### Your instructions
Begin with the first line below and retype each line exactly through the line containing "Verdeel de salade". Any pictures are to be left out.

[[ Data extracts open ]]

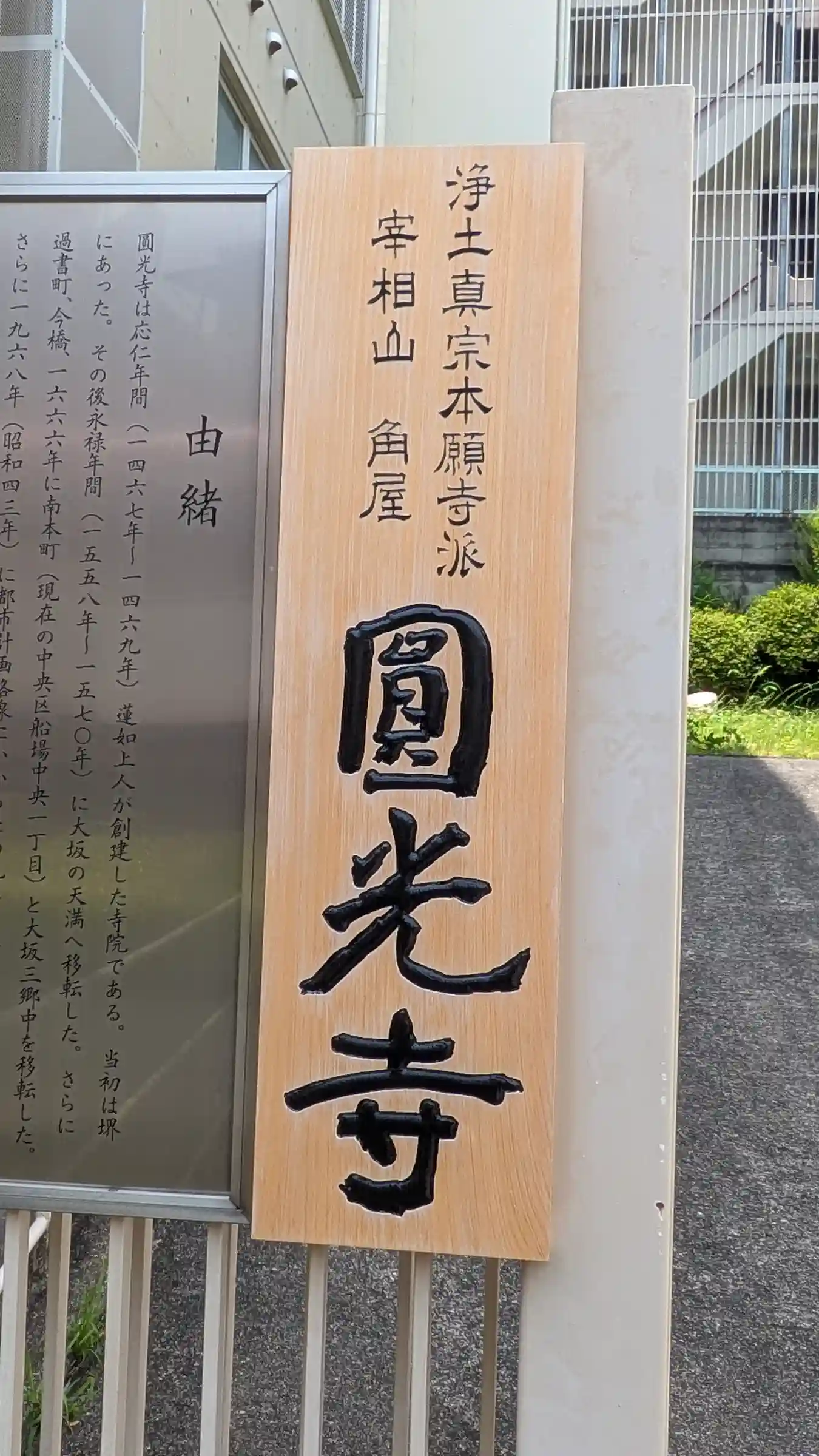 | ご由緒 | 圓光寺は応仁年間(1467-1469年)蓮如上人が創建した寺院である。当初は堺にあった。その後永禄年間(1558-1570年)に大坂の天満へ移転した。さらに過書町、今橋、1666年に南本町(現在の中央区船場中央1丁目)と大坂三郷中を移転した。さらに1968年(昭和43年)に都市計画路線にかかるため現在の天王寺区玉造の地に寺院を移した。
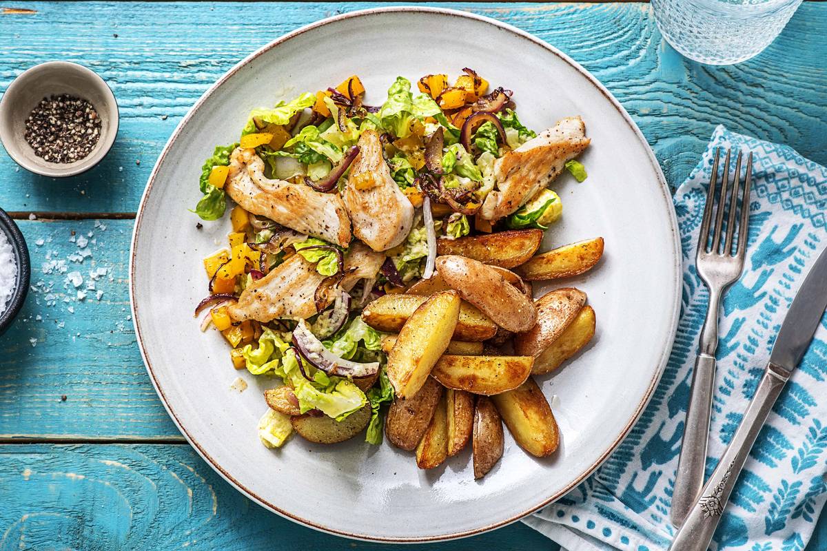 Verdeel de salade over de borden en leg er de kipfilethaasjes op. Serveer met de gebakken aardappelen.
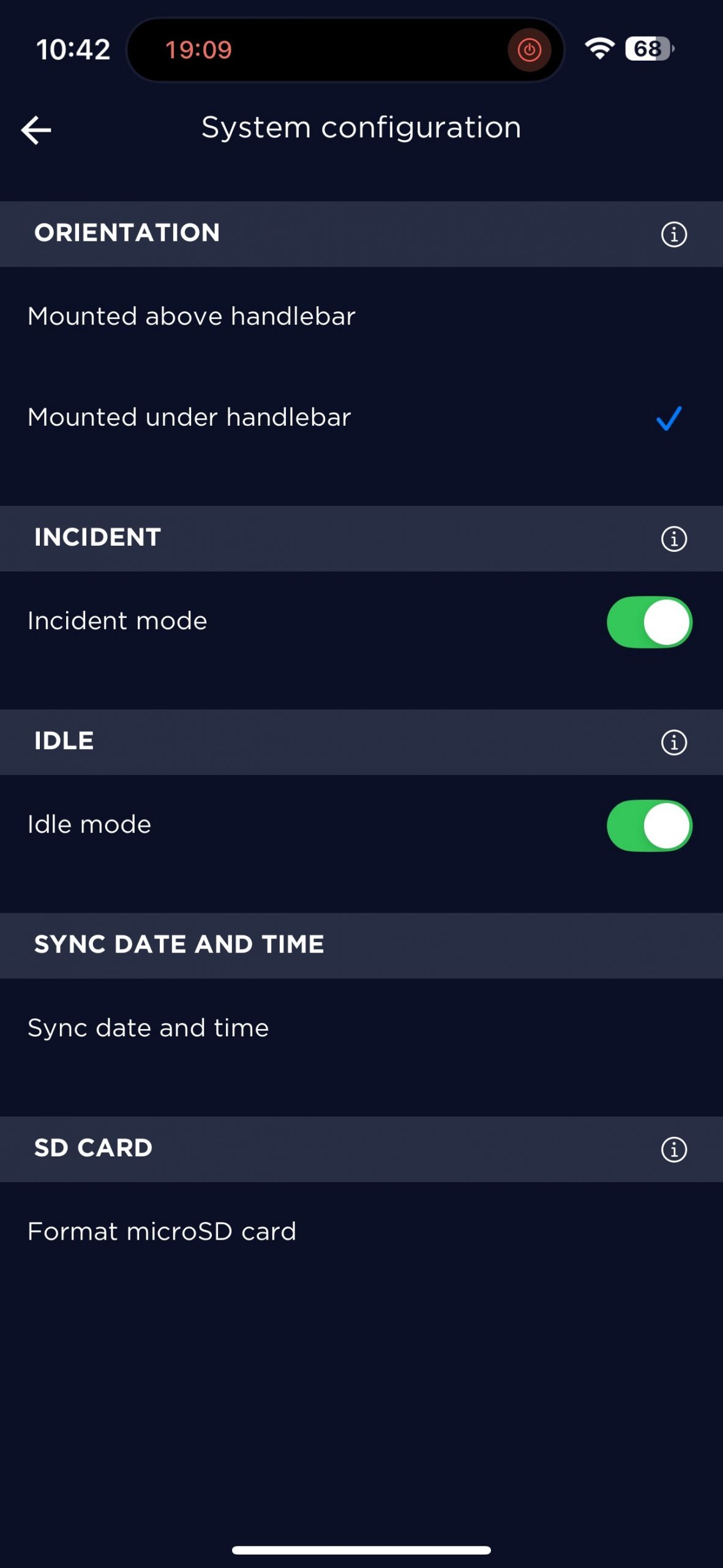 Ich habe mich für die Befestigung mittels GoPro Halterung entschieden. Dazu muss der Adapter mit der Kamera verbunden werden, was recht schwergängig ist. Einmal montiert, sitzt dieser bombenfest. Die Kamera kann entweder über oder unter dem Lenker montiert werden. In der App lässt sich die erfolgte Montage einstellen, die Aufnahmen sind dann gleich richtig orientiert. Ein Sensor, der die Orientierung automatisch erkennt, wäre hier noch praktischer. Die Schraube zu Arretierung sollte man fest anziehen. Sonst verdreht sich die Kamera durch ihr hohes Eigengewicht zu schnell.
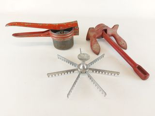 Lot varié comprenant mortier et pilon sculptés sur pierre - coffret d'outils anciens - métronome Seth Thomas - deux sculptures sur bois d'ébène africaines mesurant 16 pouces de hauteur - deux paires d'appuis livres sculptés sur pierre à motifs d'oiseaux
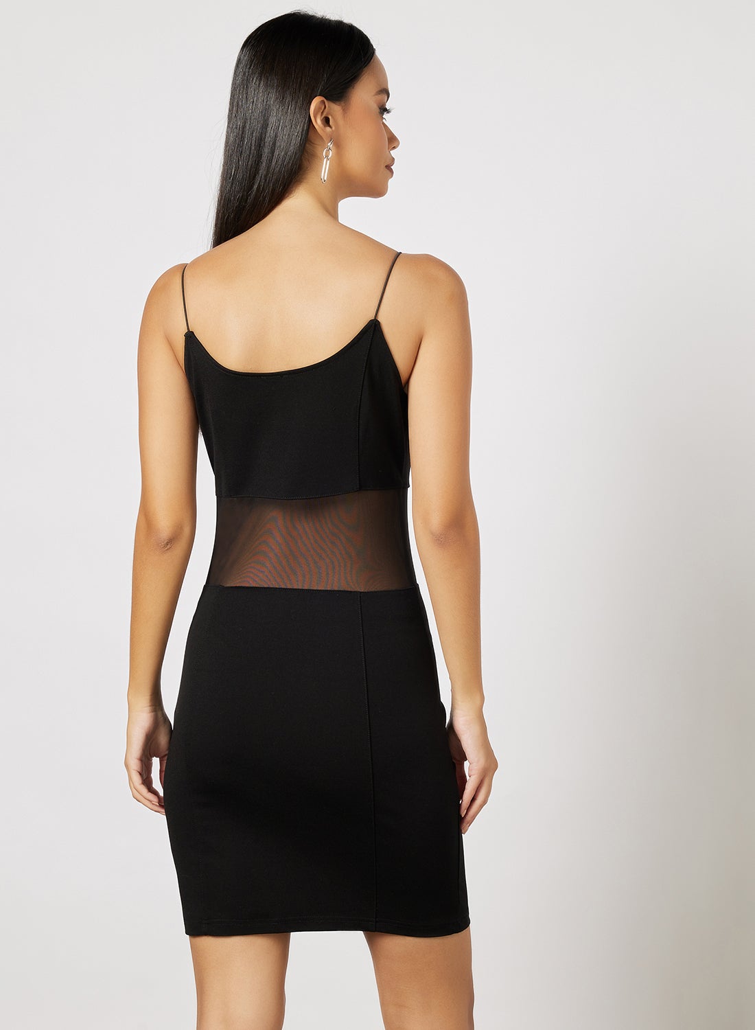 This product features a soft and cozy blend of polyamide fabric that ensures maximum comfort. It comes with a scoop neck and slim shoulder straps that provide a sleek and stylish look. The dress also features a sheer panel detail that adds a touch of elegance to the overall design. With its mini length and regular fit, this dress is perfect for any occasion. To ensure its longevity, please follow the care label instructions when washing.
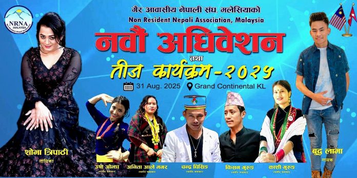 क्वालालम्पुर (मलेसिया):= गैर आवासीय नेपाली संघ “एनआरएनए” एनसीसी मलेसियाको आयोजनामा नवौं अधिवेशन तथा तीज कार्यक्रम – २०२५ आयोजना हुने भएको छ ।
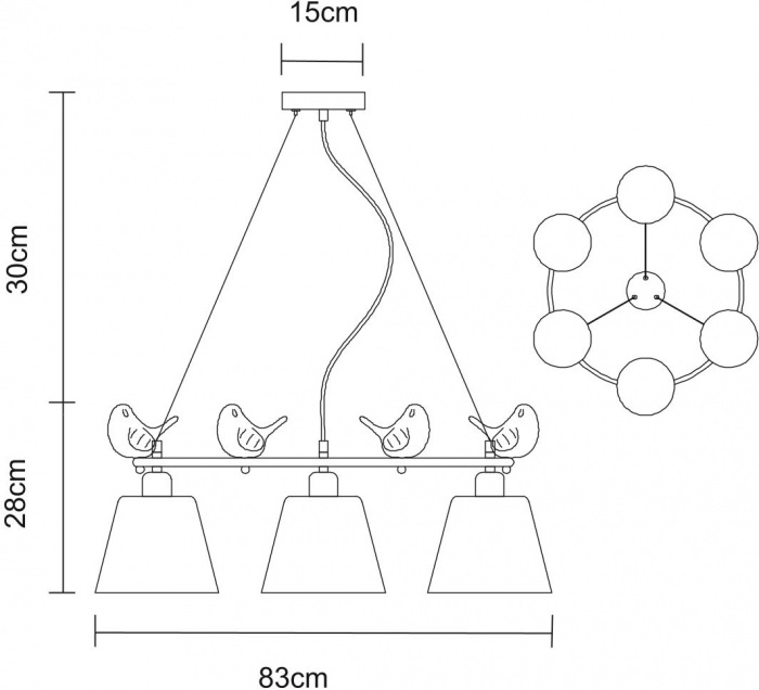 Размеры светильника: ширина 830 мм, высота 280 мм. - такие размеры позволяют люстре идеально смотреться как в просторных, так и в небольших помещениях.
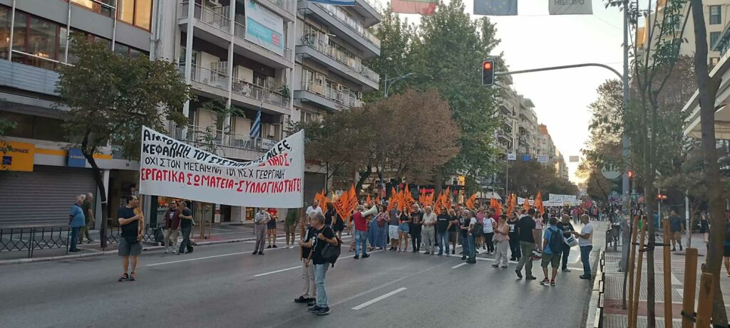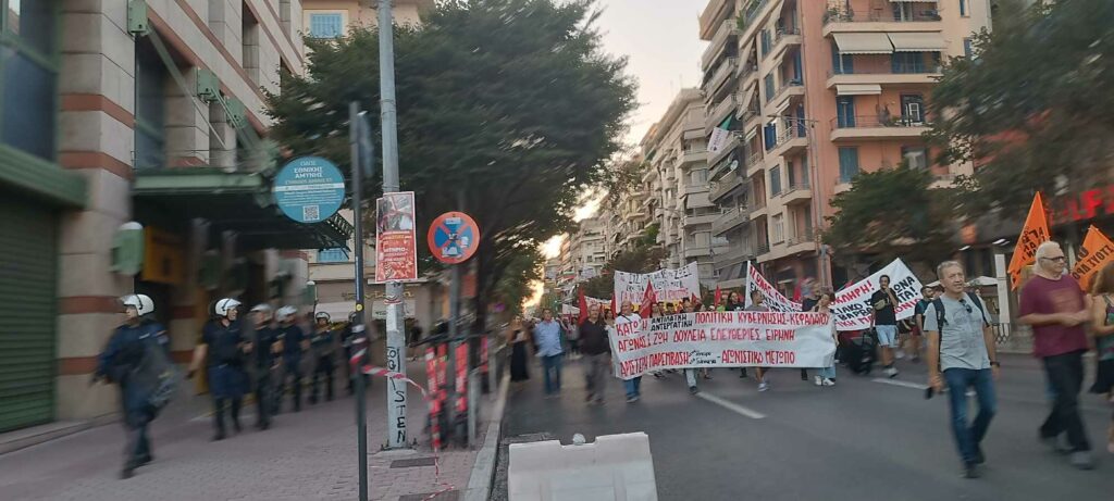 Συγκέντρωση και πορεία στην πλατεία της Καμάρας και στο Συντριβάνι πραγματοποίησαν από τη μεριά τους σωματεία, οργανώσεις της αριστεράς και του α/α χώρου και στη συνέχεια πραγματοποίησαν πορεία στο κέντρο της πόλης με κατεύθυνση προς την ΔΕΘ.
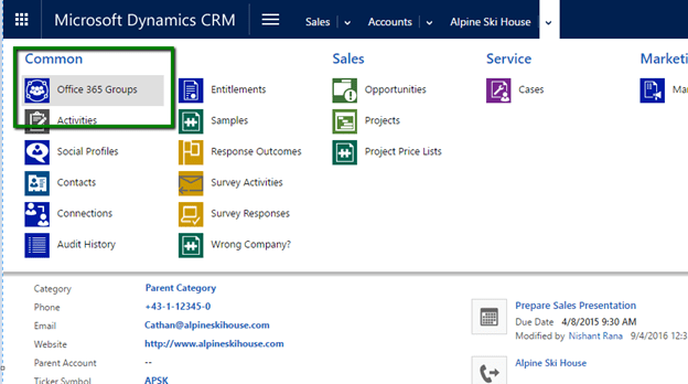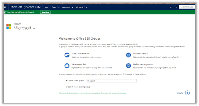Open the Account Record and navigate to Office 365 Groups.
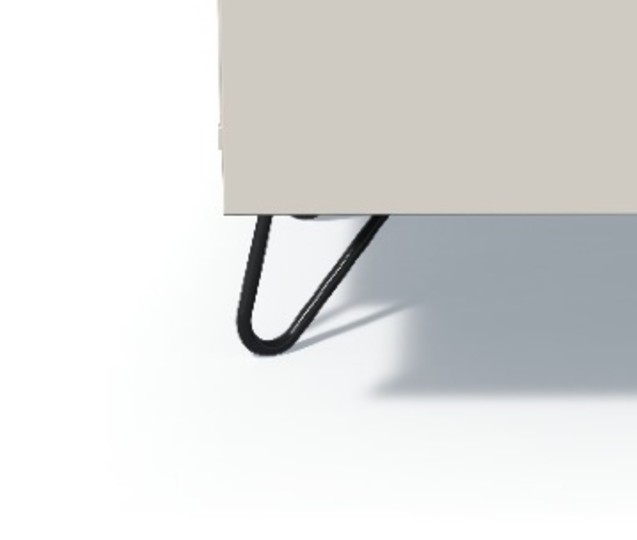 Designul este completat de picioarele metalice elegante, vopsite negru mat, care adaugă un aer modern și industrial, asigurând totodată o susținere solidă și o distanță optimă față de podea pentru o curățare ușoară dedesubt.
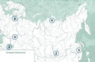 Какими цифрами отмечены на контурной карте следующие географические объекты: озеро Таймыр, река Амур, Ладожское озеро, река Волга, Каспийское море, озеро Байкал?
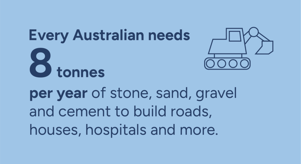 Every Australian uses around 8 tonnes of stone, sand, gravel, and cement each year to support essential infrastructure like roads, houses, hospitals, and more.

[[ Data extracts closed ]]

### Result of this exercise
 | ご由緒 | 圓光寺は応仁年間(1467-1469年)蓮如上人が創建した寺院である。当初は堺にあった。その後永禄年間(1558-1570年)に大坂の天満へ移転した。さらに過書町、今橋、1666年に南本町(現在の中央区船場中央1丁目)と大坂三郷中を移転した。さらに1968年(昭和43年)に都市計画路線にかかるため現在の天王寺区玉造の地に寺院を移した。
 Verdeel de salade over de borden en leg er de kipfilethaasjes op. Serveer met de gebakken aardappelen.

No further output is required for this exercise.